Conceptions and Discussions of Fairness in AI

00:36:06
Speaker
And I'm sure you're familiar with the views of some of my compatriots here in the States and about how there might be some disagreement about what it might mean to make these models fair. Can you talk to us about these different conceptions of fairness? Yeah, so it's
00:36:27
Speaker
There's many metrics there and it's like equal outcome versus equal opportunity. So how do you measure this? And that in itself is really, really a hard discussion to have. So should, for example, something that's often used in demographic parity, that, for example, men and women should be given credit at the same rate?
00:36:50
Speaker
If 80% of men get credit, then 80% of women should be getting credit. You might say, well, that seems fair. But then might be, well, hold on a minute. Women, their income on average is lower than that of men.
00:37:03
Speaker
So as a bank, do you really want to give as much credit to women as to men, knowing that their income is lower and so they're maybe more likely to default? As a bank, you might say, well, this really has a bad effect on credit risk. And we agree income is really important for credit risk that you're able to repay the loan. So that might not be the right definition. It should be all women with a high income, all men with a high income should be given credit at the same rate.
00:37:33
Speaker
And so in that way, there are like dozens of different measures where you can argue for all of them. And so it's really, that's where the ethical discussion should be. How are we going to measure this? And what are we going to use? There's this example where we see that black people are admitted less to colleges than white people.
00:37:53
Speaker
by these AI systems and if you look at what is the reason well SAT score comes out as one of the main reasons why black people are more likely going to be rejected and if you then look at the population you see a distribution of black people SAT score is a bit lower than that of white people.
00:38:11
Speaker
because of social research tells us, because of less income to get tutoring, less emphasis by the parents on having a high SAT score, and so on. So there's many reasons for it. So then there's an ethical discussion, should we be using SAT score in our AI model or not? And so these are all just really hard questions, which are not just a data science question, should I include this variable, yes or not. It's an open ethical discussion to be had by colleges.
00:38:41
Speaker
being transparent in it, we're not using it because of this reason, or we feel this is really needed because we want to admit students follow all over the country and it's the only way we have to have some general agreement on how well they're performing before.
00:38:56
Speaker
So you see it's being ethical in data science, it's not an easy data science problem, but mostly it's an ethical discussion where the people having discussion should be aware of the issues and these metrics and the technical issues around it.
00:39:13
Speaker
fascinating and that is a good transition. So you just mentioned that SATs are an important marker for these models but at least we know that SATs are important for the end output of these models because as is well known
00:39:33
Speaker
There are many models where we have no idea how they do what they do.

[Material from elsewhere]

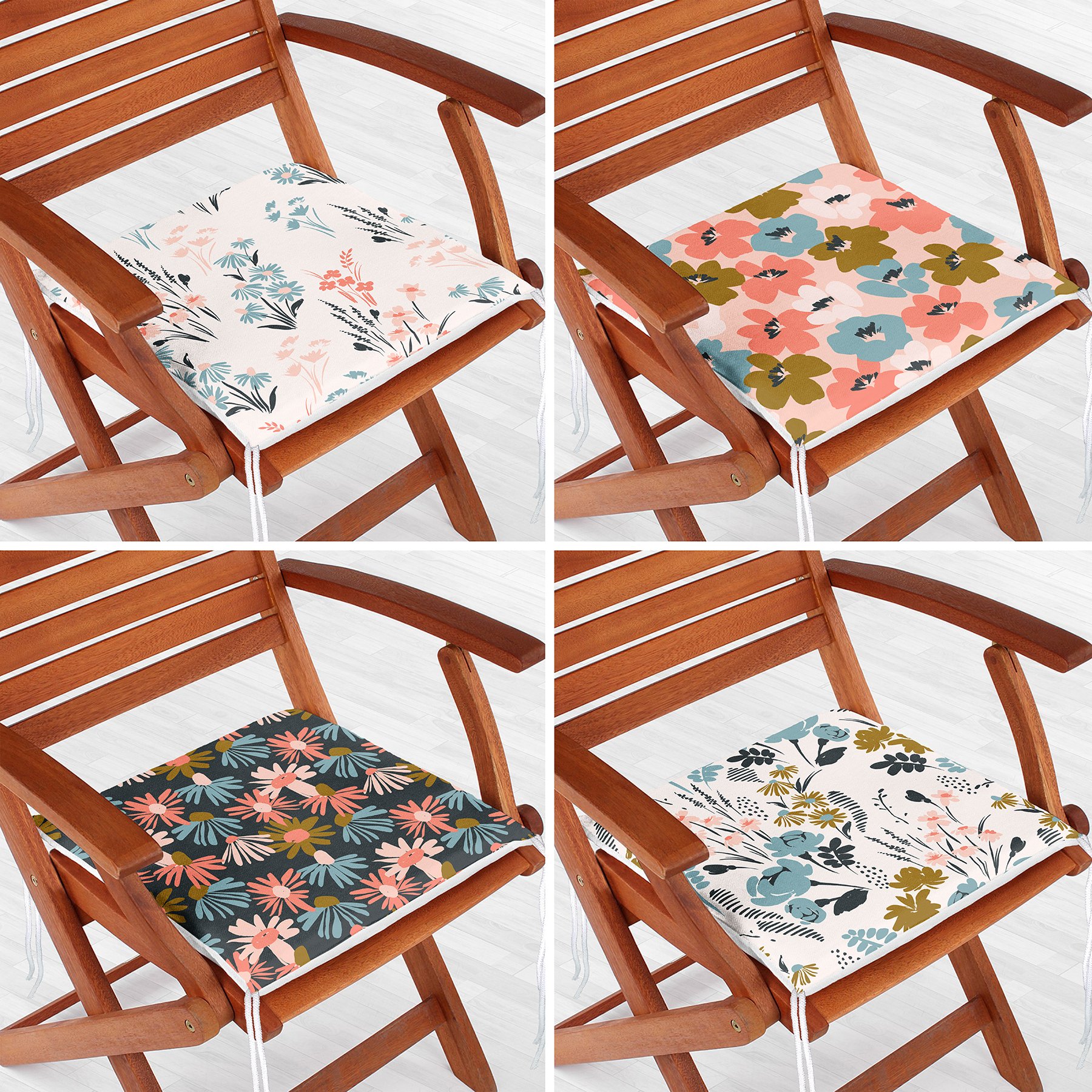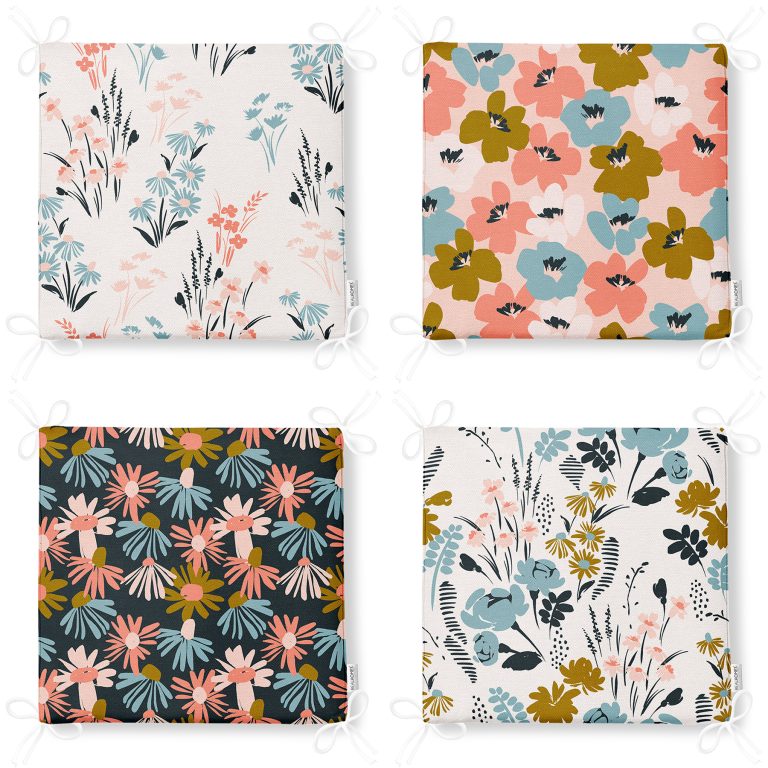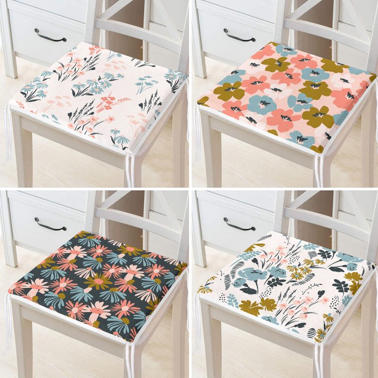 4’lü Renkli Zemin Üzerinde Çiçek Desenli Modern Fermuarlı Sandalye Minderi Seti

Transparency and Trust in AI Models

00:39:38
Speaker
They're black boxes, as they say. They are opaque. But ethical data science, you're right, calls for understandable and comprehensible models. We don't want a large neural network making decisions without us knowing how it did so. So you use a technical definition of understandable and comprehensible.
00:40:00
Speaker
First, can you talk to us about how we should understand these terms? And then you can discuss why understandable slash comprehensible models are preferable to opaque black boxes.
00:40:15
Speaker
Right. So these AI models, they're basically formulas, very complicated, long formulas with hundreds of variables in there, which are combined in some nonlinear, very complex way. So we understand how these models are learned from the data. But if you would just look at this complex model, it's just a huge formula, very complicated.
00:40:39
Speaker
Well, it's very hard to see with my income, my profession and so on. How do I now go to a decision? Well, through this complex formula. So that's what we mean with comprehensibility. To what extent do you understand this decision-making formula?
00:40:57
Speaker
And so typically, the better the model, the more complex that the formula becomes. And for example, check GPT, GPT-4, it has over a trillion of these kind of variables in its formula. And I wanted to exercise on if you would print that formula, how big would it be?
00:41:15
Speaker
Well, it's not a book, it's a library of millions of books for just that one formula that does this next word prediction. And so these models just, we've come to an age where these models aren't just extremely complex to understand, but they work typically quite well. But even if they work well, you want to know why am I not getting credit? What's happening here in these hundreds of variables that you use about me? What exactly in it lets you to say that I shouldn't be getting credit?
00:41:41
Speaker
In the book, I talk about this story of this famous tech entrepreneur that applied for Apple cards and his wife actually got 20 times lower credit limit than he did.
00:41:54
Speaker
And he said, well, but we share all assets, we've been married for a long time. So how on earth is it possible that she gets this very low credit limits? We called Apple Card, they were very friendly, but they said, I swear we're not discriminating, it's just the algorithm. And you see here the issue that even at Apple Card,
00:42:12
Speaker
It was actually Goldman Sachs who was doing the credit scoring, faces this issue of having a very good predictive model, but without any explanation behind it, you get this controversy. And so the guy was actually blaming and telling them they were discriminating against women. And a formal investigation was launched in New York. Later on, it was revealed that nothing discriminatory was happening. So you see, it's not about fairness, it's about explainability.
00:42:38
Speaker
It would be, well, you've never been a premium customer with us. You never had more than that amount of money on your account. That's why you get a lower credit limit. It would be okay. That makes sense. Thank you. I understand. Moving on. But now without any explanation, it's open for speculation. It must be because it's a woman. And so without explanation, you also do not know. Perhaps it is because it's a woman. And then of course you will want to know that as well that you improve your model.
00:43:07
Speaker
And so these explanations are really needed these days because these models are becoming so complex and we need it in order to trust them and to improve our models. Right, right. That's a good example of how ethical data science is also good data science.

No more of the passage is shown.